I think I'm using more or less standard notation, please let me know if there is something that is not understood.
Im trying to find the bayesian estimator for the loss function:
$ \begin{equation} L_e(\theta, d) = \mathbb{E}_\theta \log\frac{f(x|\theta)}{f(x|d)} = \int \log\frac{f(x|\theta)}{f(x|d)} dx \end{equation} $
The bayesian estimator, $\delta ^\pi$ is defined as the estimator that minimizes the integral risk, that is $ \begin{equation} \delta^\pi (x) := \text{argmin} \, r(\pi,\delta) = \mathbb{E}^\pi R(\theta, \delta) \end{equation}
Where $R(\theta, \delta)$ denotes the frenquentist risk, that is $\mathbb{E_\theta}L_e(\theta, \delta)$ and $\mathbb{E}^\pi$ is the expectation taken w.r.t the posteriori distribution.
That is I need to minimize w.r.t. $\delta$ the following
$\int_\Theta \int \mathbb{E}_\theta \log\frac{f(x|\theta)}{f(x|d)} dx \, \pi(\theta | x)d\theta $
which is equivalent to minimizing
$\int_\Theta \log\frac{f(x|\theta)}{f(x|d)} \pi(\theta | x) d\theta = \int_\Theta \log f(x|\theta)\pi(\theta | x) - f(x|d) \pi(\theta | x) d\theta $
Intuitively i think that $\delta^\pi(x) = \mathbb{E^\pi}(\theta | x)$ but im not sure that this is correct.
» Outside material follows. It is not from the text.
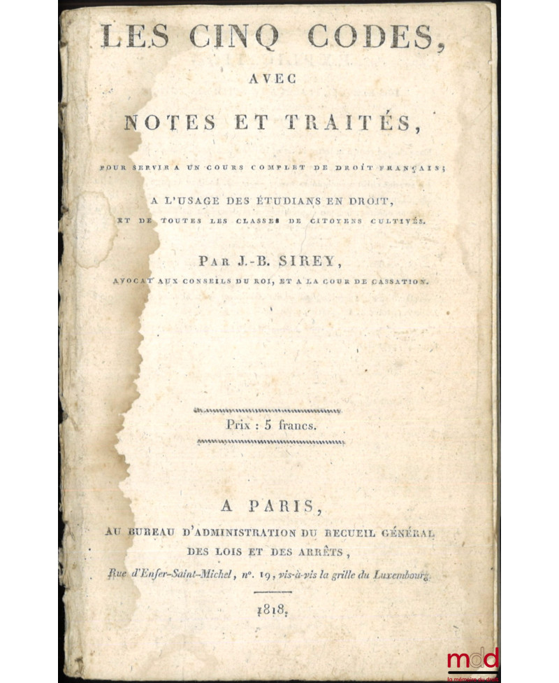 COURS DE CODE NAPOLÉON, 1re éd.

Any hints on how to prove it? Im a bit at loss when working with conditional distributions.
$$\int_{\Theta} \log \frac{f(x \mid \theta)}{f(x \mid d)} \pi(\theta \mid x) \, d\theta = E^{\pi} [\log f(x \mid \theta)] - \log f(x \mid d)$$ so you should choose $d$ to maximize $\log f(x \mid d)$, i.e. maximum likelihood.